[What to work on]
Leaving out the pictures, please reproduce exactly and only the lines from the one that contains "Unless you live" through the last line below.

[Stored data]
--*--

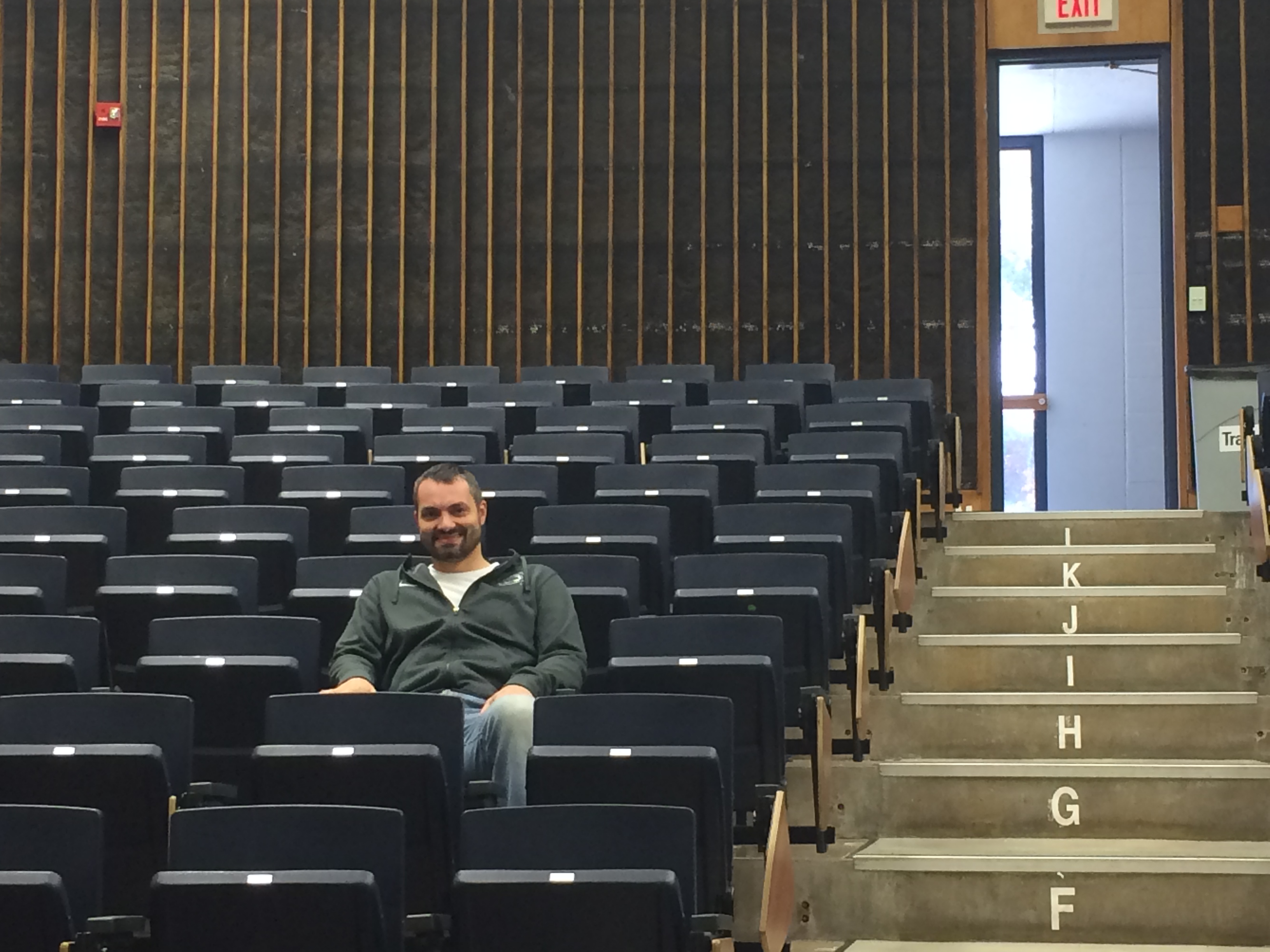Adam wanted to check out a classroom in which he’ll be teaching this spring, so we tagged along. It is in Thomas Building, which features the largest classroom on campus–seating for 726! I had a class here–History of Landscape Architecture–my first semester freshman year. Talk about overwhelmed! See the placard on the wall in the photo below, it’s not hard to find which room it is:
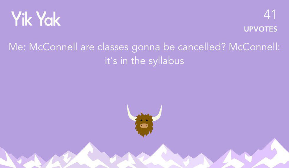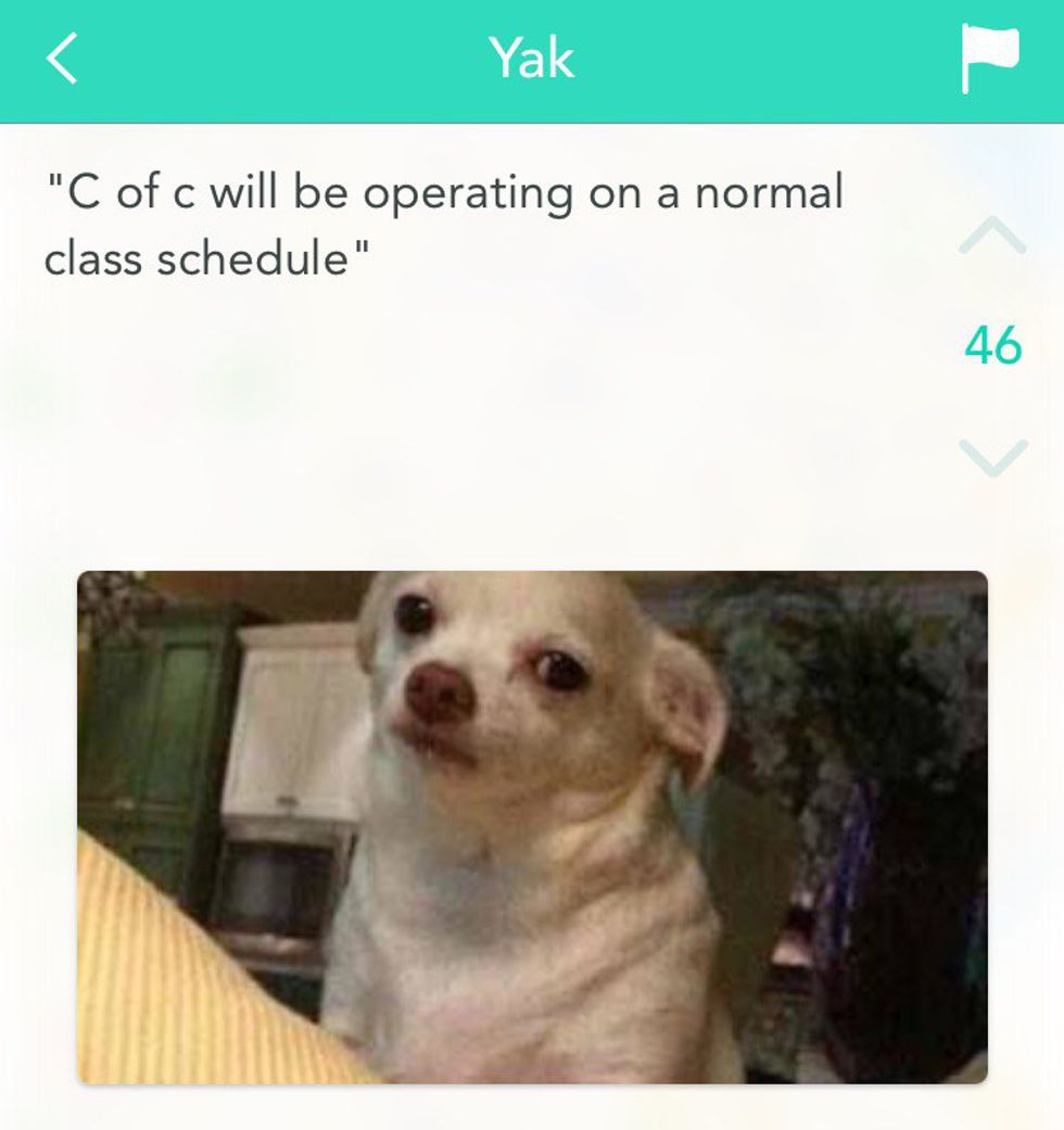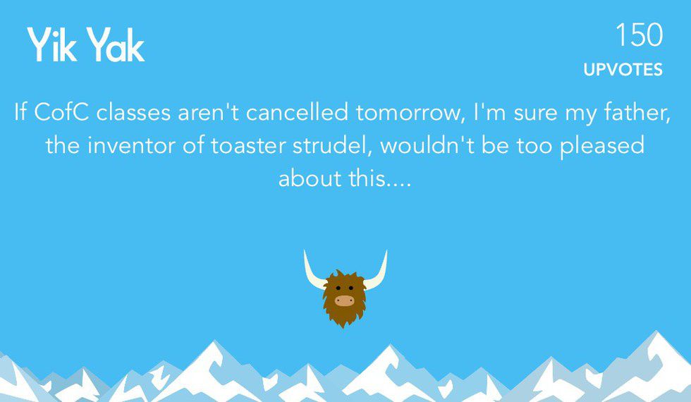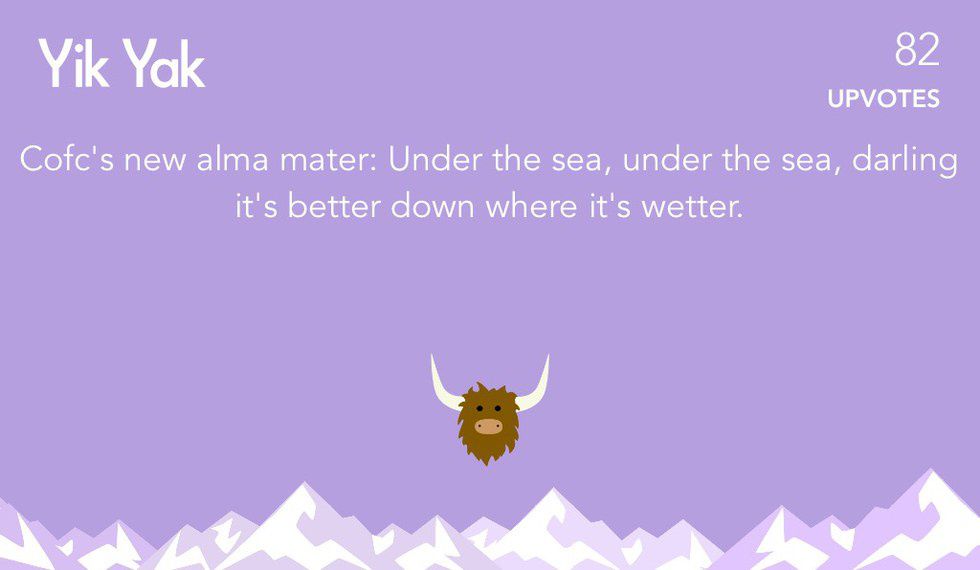 Unless you live under a rock, you probably noticed the insane rainy weather last week that left Charleston in a state of minor chaos. Roads were closed, mini lakes were forming all around campus, and Yik Yak was on fire. And really, what better way to stay updated on what's happening around campus than keeping up with the Yaks?
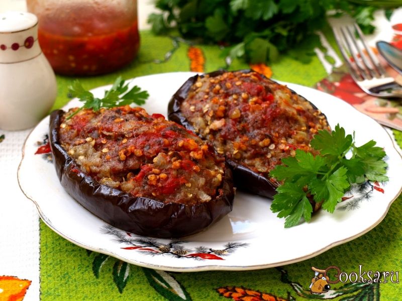 Баклажаны фаршированные мясным фаршем фото рецепт приготовления

--*--

[Reply]
 Unless you live under a rock, you probably noticed the insane rainy weather last week that left Charleston in a state of minor chaos. Roads were closed, mini lakes were forming all around campus, and Yik Yak was on fire. And really, what better way to stay updated on what's happening around campus than keeping up with the Yaks?
 Баклажаны фаршированные мясным фаршем фото рецепт приготовления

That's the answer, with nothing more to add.